245 Talbot Street West
Leamington, Ontario N8H 4H3, Canada
SUPPLEMENT TO 2022 PROXY STATMENT
This is a supplement, dated as of February 22, 2023 (this “Supplement”), to the definitive proxy statement of Tilray Brands, Inc. (the “Company”) dated September 22, 2022 (the “Original Proxy Statement”) in connection with the 2022 Annual Meeting of Stockholders (the “Annual Meeting”). The Annual Meeting was originally scheduled for November 22, 2022, at 11:00 a.m. EST, and, after previously being adjourned and reconvened on December 20, 2022, January 18, 2023, and February 15, 2023, has been adjourned to March 16, 2023, at 11:00 a.m. EST. The adjourned Annual Meeting will continue to be held in a virtual format via live webcast at www.virtualshareholdermeeting.com/TLRY2022.
The Annual Meeting will be reconvened on March 16, 2023, at 11:00 am EST solely to consider and vote upon Proposal #3 for approval of the amendments to the Company’s Certificate of Incorporation, as amended (the “Charter”), to cancel the Class 1 common stock and re-allocate such authorized shares to Class 2 common stock (the amendments, the “Charter Amendments,” and the proposal, the “Charter Amendment Proposal”), described in the Company’s Proxy Statement for the Annual Meeting, dated September 22, 2022 (the “Original Proxy Statement”), that was first mailed to stockholders on or about September 26, 2022.
The Company’s Board has established a new record date of the close of business of February 22, 2023 (the “New Record Date”) for the Annual Meeting for purposes of considering and voting upon the Charter Amendment Proposal. Only the stockholders of record of the class 2 common stock, par value $0.0001 per share, of the Company (the “Class 2 Common Stock”), and the Series A preferred stock, par value $0.0001 per share, of the Company (the “Series A Preferred Stock”), at the close of business on the New Record Date are entitled to notice of and to vote at the adjourned Annual Meeting (and any postponements or further adjournments thereof). Stockholders of record as of the original record date of September 26, 2022, who remain stockholders as of the New Record Date and have previously voted at the Annual Meeting, do not need to vote again but may rescind or change their prior votes for the Charter Amendment Proposal.

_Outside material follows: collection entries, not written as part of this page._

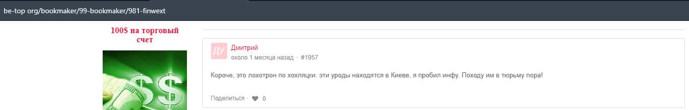 Отзывы о шулерской конторе Фин Векст
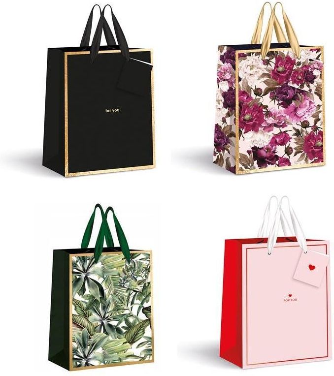 Miks wzorów, towar wysyłany losowo. Cena za sztukę. Torebka prezentowa mała Gold, różne wzory. Wymiary torebki: 46 x 33 x 10 cm.
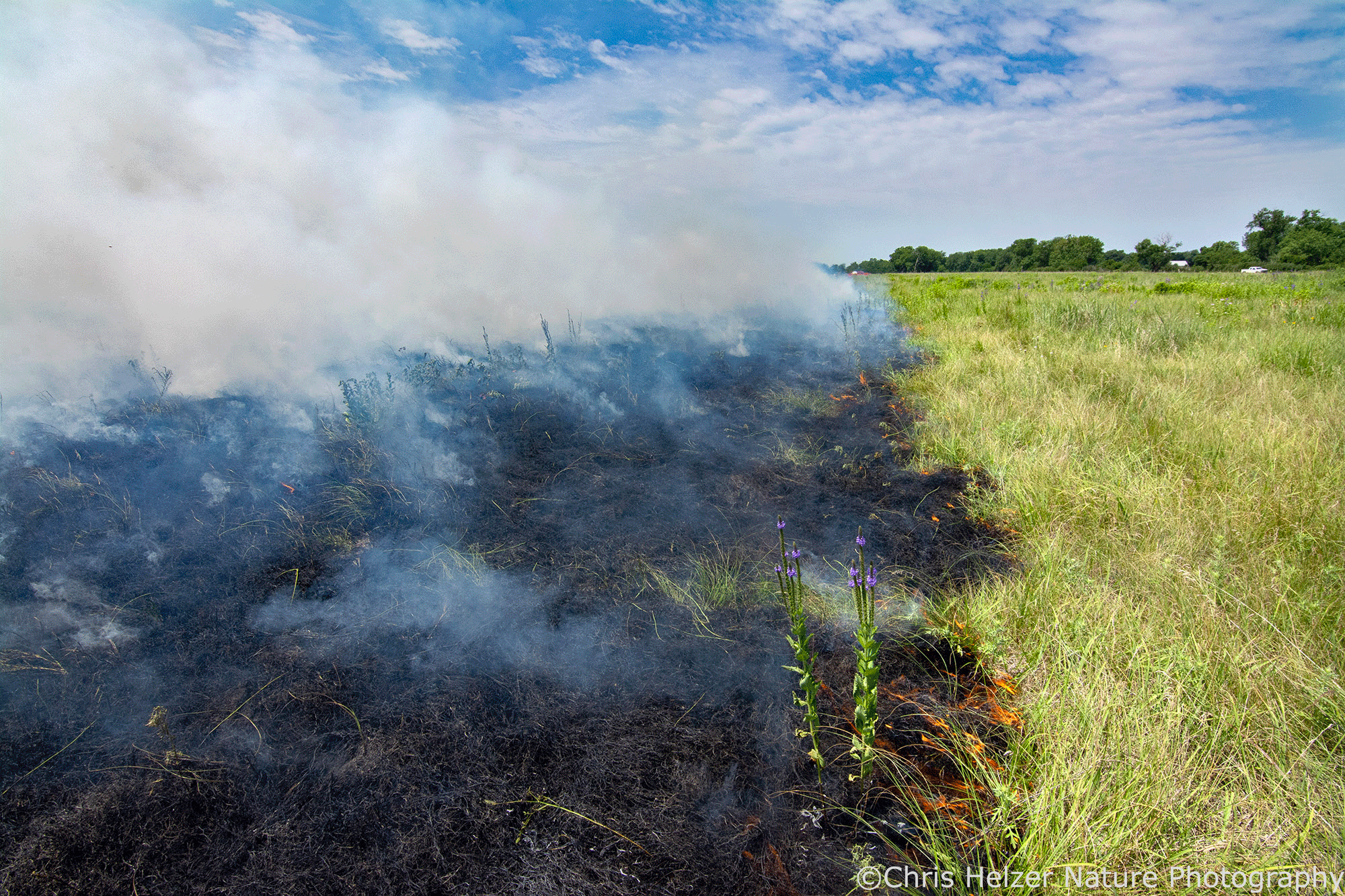 Additionally, one of our objectives at the prairies owned by The Nature Conservancy in Nebraska is to experiment and learn what we can about land management and restoration. We try lots of stewardship tactics, evaluate them, and have them available for others to come look at during our field days, workshops, etc. There’s still a lot to learn about summer fire, so each one is another opportunity to learn.

On the New Record Date there were 617,841,592 shares of Class 2 Common Stock outstanding and 120,000 shares of the Series A Preferred Stock. The shares of Series A Preferred Stock were issued on February 21, 2022. In connection with the issuance of the shares of Series A Preferred Stock, the Company and the holder of the Series A Preferred Stock entered into a Voting Agreement dated as February 21, 2022, pursuant to which, among other things, the holder (a) agreed to vote all shares of Class 2 Common Stock and Series A Preferred Stock held by such holder (i) in favor of the Charter Amendments at any meeting of the Company’s stockholders held to vote thereon (including at any adjournment and postponement thereof); and (ii) against any action, proposal, transaction, or agreement that could reasonably be expected to impede, interfere with, delay, discourage, adversely affect, or inhibit the timely approval of the Charter Amendments or the holding of any meeting to vote thereon (including any adjournment or postponement thereof) or change in any manner the voting rights of any class of shares of the Company (including any amendments to the Company’s organizational documents which are not otherwise consistent with the Charter Amendments); and (b) granted to the Company an irrevocable proxy to vote such shares in such manner. The Series A Preferred Stock does not have any voting rights except with respect to the Charter Amendment Proposal and except as otherwise required by Delaware law. Each share of Series A Preferred Stock has 1,000 votes per share; provided that the Series A Preferred Stock must be voted in the same manner and proportion as shares of Class 2 Common Stock that are entitled to vote thereon are voted (excluding any shares of Class 2 Common Stock that are not voted) on the Charter Amendment Proposal. As an example, if 75% of the shares of Class 2 Common Stock are voted FOR the Charter Amendment Proposal and 25% of the shares of Class 2 Common Stock are voted AGAINST the Charter Amendment Proposal, then 75% of the votes cast by the holder of the Series A Preferred Stock will be cast as votes FOR the Charter Amendment Proposal and 25% of the votes cast by the holder of the Series A Preferred Stock will be cast as votes AGAINST the Charter Amendment Proposal. Holders of the Class 2 Common Stock and Series A Preferred Stock will vote on the Charter Amendment Proposal as a single class.